Germany: EnBW believes grid expansion can be partially avoided

21. March 2013 | Storage & smart grids, Industry & Suppliers, Markets & Trends | By:  Michael Fuhs

Plant and grid operators start a progressive pilot project for better grid integration. This was presented at the "PV System Technology Forum" in Düsseldorf, Germany.

Grid expansion to accommodate more PV is a heavily discussed topic at the moment.

Not a week goes by without media discussion on the cost of grid development in Germany. There are those who believe that this just means the addition of more cables. An alternative is now being proposed, not just in theory but also in practice as discussed at the "PV System Technology Forum", organized by Solarpraxis AG, publisher of pv magazine.

For several years now, the EnBW Regional AG, which operates the distribution network of the company EnBW (Energie Baden-Württemberg AG, a publicly traded electric utilities company based in southern Germany), has been conducting experiments in Sonderbuch, Germany. Instead of an additional local substation, which is a necessity at the moment, the company experimented with an adjustable local mains transformer and battery storage.

For every fourth PV system, the grid must be expanded

Sonderbuch has a population of 190, and 60 solar systems. The town was already producing more power than it consumes since 2008. In the meantime, the power production has significantly increased. Sonderbuch, thus, is a good example of a town with high PV development. Solar system installation and grid expansion go hand in hand here.

EnBW Regional expert Daniel Schölhorn stated, "We are at an expansion quota of one to four, meaning that for every fourth PV system that is installed, we need to expand the grid. A few years back this quota was at 10." It is, therefore, important to bring this quota down again.

On cloudy days in Sonderbuch, the capacity at the three local grid stations fluctuates between 80 kilowatts of feed-in from solar power to 20 kW of load. "It surprised us that the worse-case scenarios do come true," Schölhorn added. In the course of a day, the capacity at the local mains transformer can fluctuate more than once between maximum consumption and maximum feed-in. The capacity fluctuations can lead to voltage fluctuations that can eventually lead to the inverters shutting down.

In Sonderbuch, adjustable local mains transformers are already working, adjusting voltage in the local grid.
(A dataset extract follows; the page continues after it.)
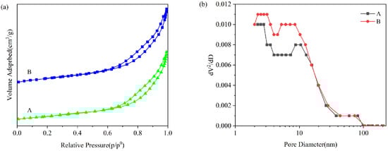 The specific surface areas and pore structures of catalysts are some of the influencing factors that affect the catalytic performance of catalysts []. The specific surface area and pore structure of each catalyst were tested using BET, and the relevant data are presented in Table 1. Figure 2a shows the N2 adsorption–desorption isotherms of each catalyst. It was obvious that the adsorption–desorption isotherms of all catalysts were typical type IV isotherms with H3-type hysteresis loops, indicating the presence of mesoporous structures in these samples. The non-coincidence of adsorption and desorption curves of isotherms at higher relative pressures is caused by the capillary condensation phenomenon [,]. Figure 2b shows the BJH adsorption pore volume–pore size distribution of each catalyst. Combined with Table 1, it can be seen that these samples have similar pore volume and pore size distributions, and the pore size is mainly concentrated in the mesopore range of 2–50 nm. The kinetic diameter of acetone is 0.45 nm, which belongs to the larger VOC molecules, and the mesopore size of the pores is favorable for the reaction []. As shown in Table 1, the specific surface area and pore volume are A > B, and the average adsorption pore size is A < B. The BET test results were different for Sample A compared with Sample B because both of them added different morphologies of Fe-MOF. Compared with sample B, sample A has a smaller particle size and more uniform dispersion, so the specific surface area of the catalyst is relatively high. The average adsorbed pore size of Sample A is relatively small (13.88 nm), which indicates that this sample has smaller pores and a poorer crystallinity. These properties promote the formation of lattice defects and increase the oxygen vacancy concentration []. Sample A has a larger BET-specific surface area (71.14 m2/g) and pore volume (0.24 m2/g), which is favorable for providing more activation sites during the catalyst reaction. For the catalyst, the larger specific surface area and pore volume enhanced the surface adsorption rate of the reactants. They provided a larger reaction space for the reaction process, which resulted in an improved VOC removal rate []. This is also in perfect agreement with the results of the subsequent photothermal catalysis performance tests.

The grid is fixed with multiple measurement points for the experts to examine the data. "We believe that in about half a year we can use the adjustable local mains transformers as the standard solution," said Schölhorn.

In order to quickly level off the fluctuations, EnBW will also add lithium-ion battery storage systems, which will function differently to those for self-consumption optimization. To compensate for the fluctuation, the storage system must be able to provide charge- and discharge- capacities of 28 kW and comparatively need only a 30kWh capacity.

Solar power with storage

As in Germany, a pilot project has been organized in Spain with the inverter company Ingeteam. One solar power plant in Navarra has been equipped with 150 kWh storage and another with a 1.1 MWh storage system. This way the production curve will not just be leveled, but also moved back to some extent.

In another project, a solar plant is combined with battery storage and a diesel generator. The battery storage is used to bridge the gap between a point where solar irradiation falls and the diesel generator starts. Such solutions are thus interesting for installations where a diesel generator is in use anyway.

At the moment, the experts are heavily concentrating on technical solutions. The next step would be to implement systems efficiently and to develop business models. What the cost would be for the grid connection of PV systems with new technologies in the free market remains to be answered.